Now, I am a picky eater. Like extremely picky. I eat everything plain. Dry, plain, meat, bun, possibly cheese, that’s it. God help my mother when there was ketchup on my burger when I was little. Or now. ANYWAY.

This is what my typical hot dog looks like:

This is what ended up in my hungry little paws yesterday after car-hop delivery:

Looks a little different than my normal fare, eh?

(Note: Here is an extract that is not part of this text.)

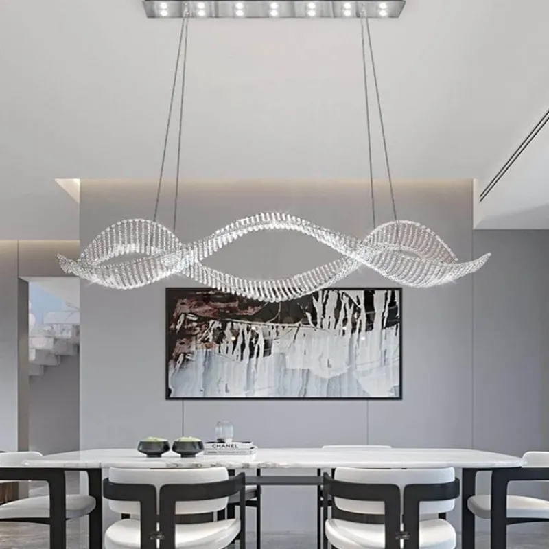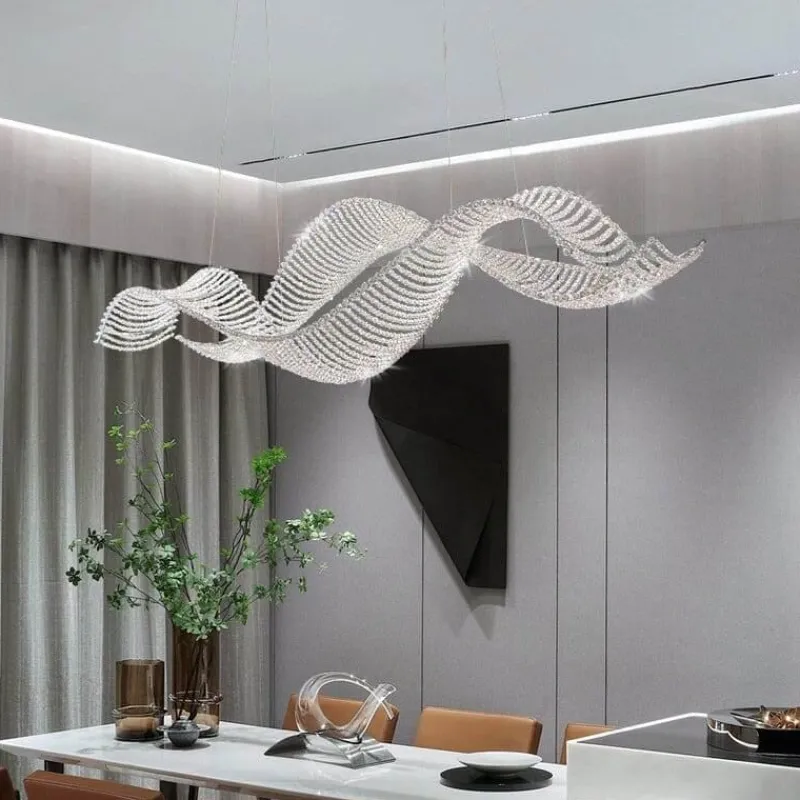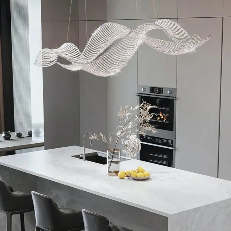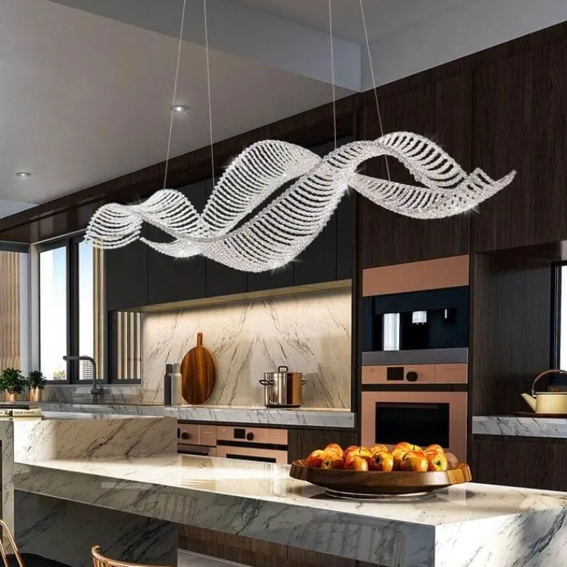 Wir präsentieren eine raffinierte Leuchte, die moderne Eleganz mit einem Hauch von Opulenz verbindet. Das gewellte Kristalldesign dieses Kronleuchters fängt das Licht wunderschön ein und bricht es. So entsteht ein faszinierendes Schauspiel, das jeden Raum in eine Oase des Luxus verwandelt. Inspiriert von der anmutigen Bewegung der Meereswellen bietet dieses Stück mehr als nur Beleuchtung; es sorgt für ein einzigartiges Erlebnis.

That, my friends, is a Chicago dog (sans tomato). Onions, relish, mustard and other shit I’m not even sure. Celery salt. Obviously a pickle. I don’t know what I was thinking. Why did I order this? Is there even a hot dog in there? I just wasted my money. Would they take it back? At least I had tots and my limeade so it wasn’t a total bust.


I ate the whole damn thing. And then I wondered what was wrong with me. And then I blamed Little A. And then I looked in the rearview mirror and wasn’t even sure who was looking back at me. Also, I had to double check to make sure there wasn’t mustard on my face.

When I got home, I found out it was Chicago’s Birthday. So fate brought me and baby and that disgusting delicious mess of a hot dog together. And it was good.